Aaargh! It’s almost upon us, roughly slouching…

But while I am trying to ignore the Christmas Beast, at this time of year there’s one very important thing to do in preparation for the holidays and that’s to book tickets to a Christmas performance. I know we’ll all be playing our favorite Christmas CDs (or listening to the BBC’s live satellite broadcast of the Festival of Nine Lessons and Carols) but I urge you to get out to a real, live performance. (And by the way, the performing arts enhance the economic and social wellbeing of the community, do all sorts of good things for kids and adults, and live performance does something for you that DVDs or CDs can’t. Check out this list of reports from the Cultural Alliance of Washington, D.C. You’ll need to scroll down to Reports and Studies. Some are local, some national. And it costs about the same as a ballgame, sometimes less, to go to the opera or ballet.)

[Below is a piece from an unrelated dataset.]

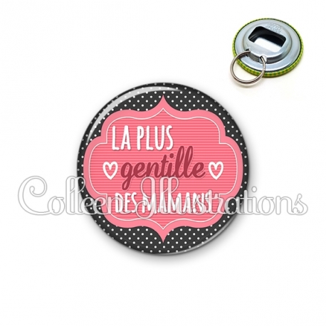 Image imprimée en haute résolution sur papier de qualité, protégée d'un film plastique, et sertie sur une coque métallique avec dos décapsuleur.

Check out what’s going on in your area. If you’re interested in traditional music and folklore, you might want to catch a performance by the Christmas Revels.

Or how about the Nutcracker? Gorgeous music and costumes, wonderful dancing, and an erectile Christmas tree!

My favorite Christmas music is Handel’s Messiah and I have fond memories of performances in England with a thumping big local choir and imported soloists (preferably with a Welsh bass). One of my most memorable Messiahs was performed in York Minster. It was freezing cold–literally. I don’t know how the orchestra kept their instruments tuned. The entire audience wore coats, hats, gloves, and scarves. The conductor announced extra cuts that would be made so we didn’t freeze to death, and at intermission we all shot out to the pub for something to keep us warm (ginger wine for me, thanks). But it was a fabulous performance in a breathtakingly beautiful setting, a memory I’ll treasure all my life.

The Messiah has been performed continuously ever since its Dublin premiere in 1742, although it was associated earlier on with Easter more than Christmas. George II started the tradition of standing for the Hallelujah Chorus. Here’s some more to read about the Messiah.

Do you have a holiday tradition that involves attending, or taking part in a live performance? Have you sung in a chorus, or danced in the Nutcracker, or been a ballet mom? What music do you like to listen to over the holidays?